The international mainstream media today actively seeks to incorporate the voices of marginalised groups. Drawing on his recent research, Sudheesh Ramapurath Chemmencheri considers the nature of this representation, and how subaltern groups have responded to being mediated in this way.
In an age of round-the-clock coverage of political and non-political debates, it is worth taking a moment to consider how the marginalised sections of society and their struggles are depicted in the media. In a different generation, Gayatri Spivak raised the question “Can the subaltern speak?” and the academy was shaken into recognising that it cannot assume it can represent the voice of the marginalised.

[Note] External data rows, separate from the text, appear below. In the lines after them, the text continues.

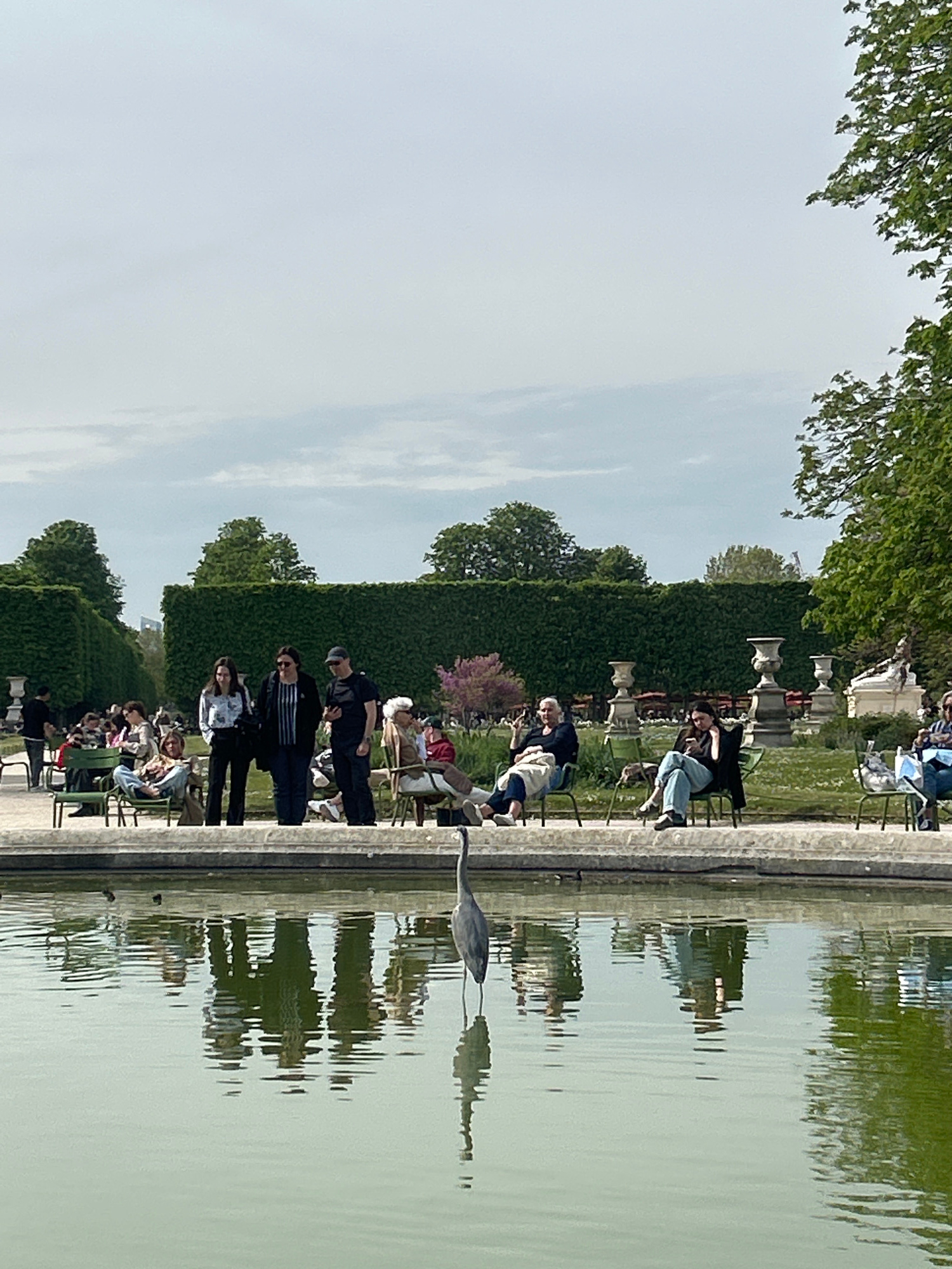 The image shows a park with a body of water in the foreground and people sitting in chairs along the water's edge. A bird, possibly a heron or egret, stands near the edge of the water. The water refle…read more
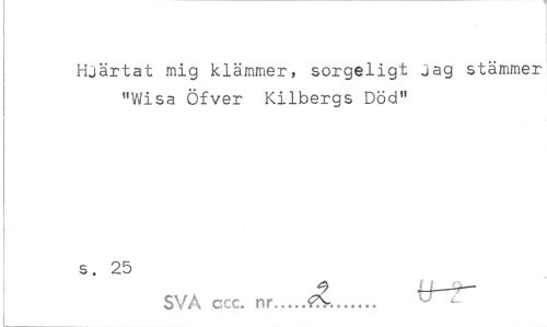//// Hjärtat mig klämmer, sorgeligt jag stämmer "Wisa Öfver Kilbergs Död" //// s. 25 //// SVA ccc. nr... u ' ////
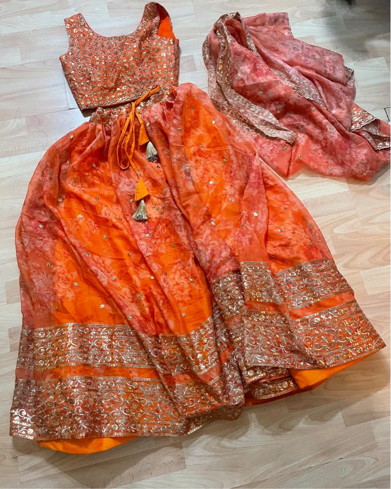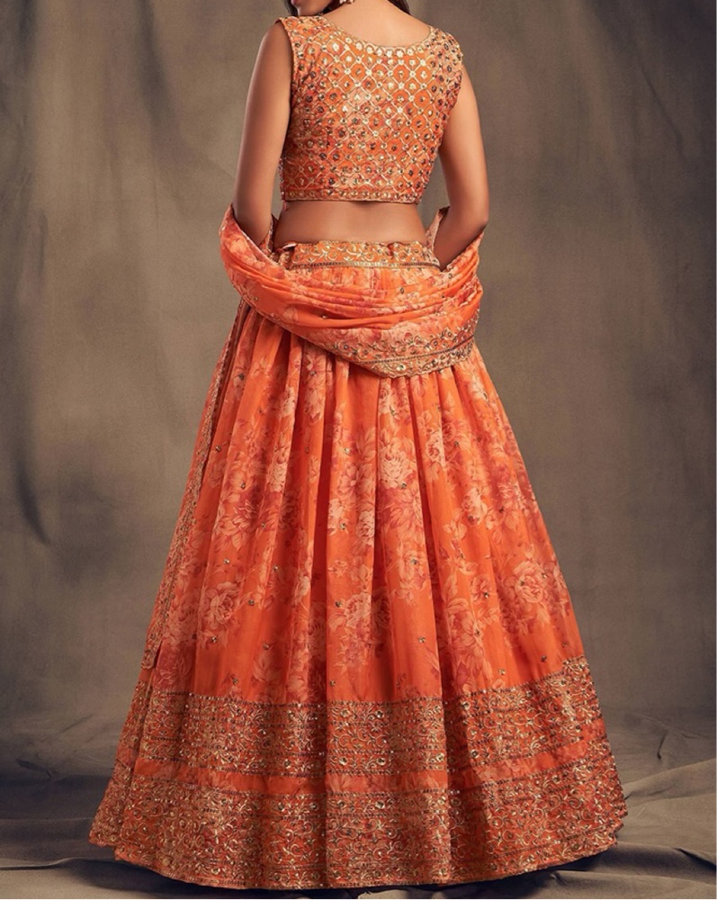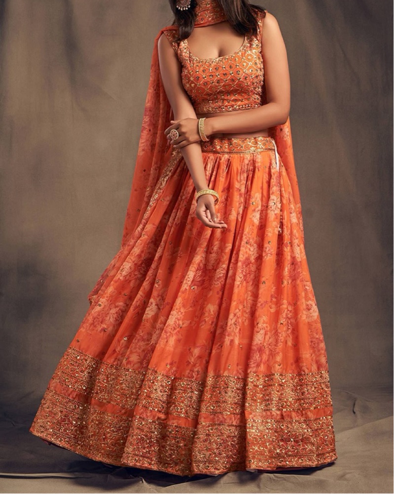 Three piece burnt orange embroidered lehenga set, comes with zippered tank, multilayered skirt, and shawl
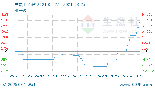 08月25日焦炭3198.00元/噸 5天上漲8.11%
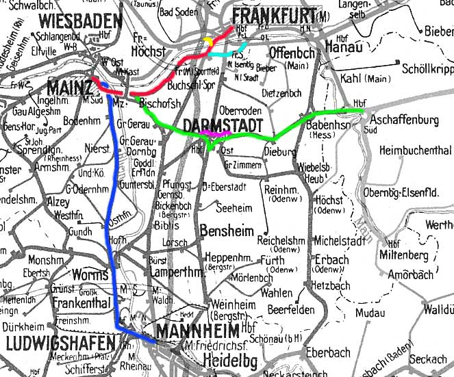 (Mainz Hbf - Mainz Süd) - Mainz-Bischofsheim - Abzw. Stockschneise - Darmstadt Hbf - Darmstadt-Kranichstein - Aschaffenburg (grün)
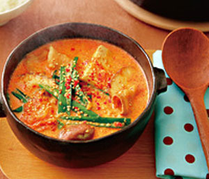 豆乳は、体の機能を整えてくれるイソフラボンを含むヘルシー飲料。豆乳を加えることで、ピリッとした辛みを優しい味わいに。

The international mainstream media today actively pursues subaltern voices, and in doing so creates a two-way interaction: as the journalists seek to incorporate the marginalised in their rush to find news, and the subaltern seeks new opportunities offered by mediation to voice her opinion.
I first came across the term ‘subaltern’ at college in India via the Subaltern Studies series, inaugurated by Ranajit Guha way back in 1982. The term was previously used by Antonio Gramsci in his Prison Notebooks to indicate the proletariat but it is now used as an umbrella term for a broad spectrum of marginalised persons. The Subaltern Studies Group criticised the extant schools of historiography and pointed out that subaltern struggles were not reducible to the classical Marxian notion of class struggle; if one read between the lines of colonial records, one could extract growing subaltern consciousness – engaged as they were in myriad struggles related to caste, class, religious differences and patriarchy – during the Raj. Today, when globalisation and neoliberalism are omnipresent, many subaltern sections are not what they used to be. The global media is increasingly reaching the marginalised groups, although there are of course many subaltern sections that are still excluded from these opportunities. Thus, subalternity seems to change according to time and context, rather than remaining a frozen identity.
The question here is does the subaltern lose its unique position now that the media is offering it a mouthpiece? My analysis of the media representation of the Koodankulam anti-nuclear protests and the Kashmir conflict in India shows that mediation in fact reinforces the identity of subalternity through the specific narratives produced. Mediation is not simply a platform for voicing opinion, but also a means of making new meanings, new interpretations, invariably put together by the journalist. The key aspect that needs to be examined, then, is the nature of representation.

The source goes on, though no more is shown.